## GIVEN RECORDS
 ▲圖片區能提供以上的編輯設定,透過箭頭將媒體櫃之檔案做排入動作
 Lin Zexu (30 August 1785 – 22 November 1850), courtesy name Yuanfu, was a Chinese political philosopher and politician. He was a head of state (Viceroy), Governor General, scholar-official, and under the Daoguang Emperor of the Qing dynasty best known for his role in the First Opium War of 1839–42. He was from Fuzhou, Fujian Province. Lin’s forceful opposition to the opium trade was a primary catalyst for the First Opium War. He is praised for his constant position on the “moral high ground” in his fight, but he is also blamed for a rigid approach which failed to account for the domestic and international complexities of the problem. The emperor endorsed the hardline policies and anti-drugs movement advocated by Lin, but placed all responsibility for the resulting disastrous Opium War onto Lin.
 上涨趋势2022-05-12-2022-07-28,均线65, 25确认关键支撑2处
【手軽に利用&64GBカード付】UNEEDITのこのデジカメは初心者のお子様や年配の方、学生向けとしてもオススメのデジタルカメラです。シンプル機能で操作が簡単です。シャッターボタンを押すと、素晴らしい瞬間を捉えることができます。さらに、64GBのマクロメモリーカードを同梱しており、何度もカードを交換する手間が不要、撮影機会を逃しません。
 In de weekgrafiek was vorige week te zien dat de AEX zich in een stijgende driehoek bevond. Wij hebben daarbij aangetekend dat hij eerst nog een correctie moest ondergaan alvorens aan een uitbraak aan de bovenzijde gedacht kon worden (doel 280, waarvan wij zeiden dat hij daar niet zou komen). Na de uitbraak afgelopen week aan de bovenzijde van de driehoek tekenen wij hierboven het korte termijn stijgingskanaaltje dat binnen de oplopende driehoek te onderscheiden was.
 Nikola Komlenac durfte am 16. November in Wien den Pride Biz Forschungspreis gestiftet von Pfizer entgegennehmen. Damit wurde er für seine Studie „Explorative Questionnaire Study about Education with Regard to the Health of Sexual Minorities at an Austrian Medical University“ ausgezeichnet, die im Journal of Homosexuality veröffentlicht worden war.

...

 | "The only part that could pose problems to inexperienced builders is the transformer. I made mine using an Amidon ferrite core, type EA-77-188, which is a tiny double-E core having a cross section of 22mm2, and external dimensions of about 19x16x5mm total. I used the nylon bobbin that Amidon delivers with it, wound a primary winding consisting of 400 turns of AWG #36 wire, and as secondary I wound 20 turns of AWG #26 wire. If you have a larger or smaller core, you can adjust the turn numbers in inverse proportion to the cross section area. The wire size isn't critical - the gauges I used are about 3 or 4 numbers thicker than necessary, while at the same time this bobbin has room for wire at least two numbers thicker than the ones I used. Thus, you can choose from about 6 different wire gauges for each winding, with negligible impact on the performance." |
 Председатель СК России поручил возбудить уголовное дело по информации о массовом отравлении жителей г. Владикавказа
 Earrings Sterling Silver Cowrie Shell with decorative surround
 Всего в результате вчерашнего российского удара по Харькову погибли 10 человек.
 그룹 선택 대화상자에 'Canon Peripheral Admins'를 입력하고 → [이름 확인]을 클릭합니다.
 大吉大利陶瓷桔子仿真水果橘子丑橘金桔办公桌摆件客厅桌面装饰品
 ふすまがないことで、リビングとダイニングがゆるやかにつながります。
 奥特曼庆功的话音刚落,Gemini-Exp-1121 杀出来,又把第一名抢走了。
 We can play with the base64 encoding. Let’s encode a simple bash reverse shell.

---

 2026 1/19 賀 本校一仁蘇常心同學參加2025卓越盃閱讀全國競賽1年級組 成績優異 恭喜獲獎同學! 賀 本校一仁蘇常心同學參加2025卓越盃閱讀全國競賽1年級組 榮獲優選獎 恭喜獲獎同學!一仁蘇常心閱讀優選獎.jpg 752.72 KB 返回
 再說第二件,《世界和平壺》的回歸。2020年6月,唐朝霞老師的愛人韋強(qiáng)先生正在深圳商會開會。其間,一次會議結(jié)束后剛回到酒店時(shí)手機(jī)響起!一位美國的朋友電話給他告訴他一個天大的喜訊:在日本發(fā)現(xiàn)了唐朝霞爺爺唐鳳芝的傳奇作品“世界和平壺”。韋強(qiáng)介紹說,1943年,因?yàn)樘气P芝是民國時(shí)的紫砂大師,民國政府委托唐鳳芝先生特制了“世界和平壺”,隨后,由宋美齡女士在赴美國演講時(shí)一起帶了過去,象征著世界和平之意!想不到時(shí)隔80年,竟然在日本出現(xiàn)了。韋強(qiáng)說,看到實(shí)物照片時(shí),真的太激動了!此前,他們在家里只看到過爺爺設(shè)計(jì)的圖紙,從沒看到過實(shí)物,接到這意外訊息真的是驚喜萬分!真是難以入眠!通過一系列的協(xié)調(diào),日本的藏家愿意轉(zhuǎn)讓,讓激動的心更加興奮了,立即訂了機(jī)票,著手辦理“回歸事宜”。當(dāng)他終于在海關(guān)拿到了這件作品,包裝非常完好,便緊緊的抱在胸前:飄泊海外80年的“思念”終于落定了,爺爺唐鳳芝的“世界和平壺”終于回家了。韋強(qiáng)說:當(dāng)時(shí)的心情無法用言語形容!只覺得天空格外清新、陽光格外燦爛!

## WHAT YOU NEED TO DO
Look above for the line with "In de weekgrafiek"; retype exactly that line, every line after it up to the line with "Nikola Komlenac durfte", and that line too, nothing else.

## WRITTEN SOLUTION
 In de weekgrafiek was vorige week te zien dat de AEX zich in een stijgende driehoek bevond. Wij hebben daarbij aangetekend dat hij eerst nog een correctie moest ondergaan alvorens aan een uitbraak aan de bovenzijde gedacht kon worden (doel 280, waarvan wij zeiden dat hij daar niet zou komen). Na de uitbraak afgelopen week aan de bovenzijde van de driehoek tekenen wij hierboven het korte termijn stijgingskanaaltje dat binnen de oplopende driehoek te onderscheiden was.
 Nikola Komlenac durfte am 16. November in Wien den Pride Biz Forschungspreis gestiftet von Pfizer entgegennehmen. Damit wurde er für seine Studie „Explorative Questionnaire Study about Education with Regard to the Health of Sexual Minorities at an Austrian Medical University“ ausgezeichnet, die im Journal of Homosexuality veröffentlicht worden war.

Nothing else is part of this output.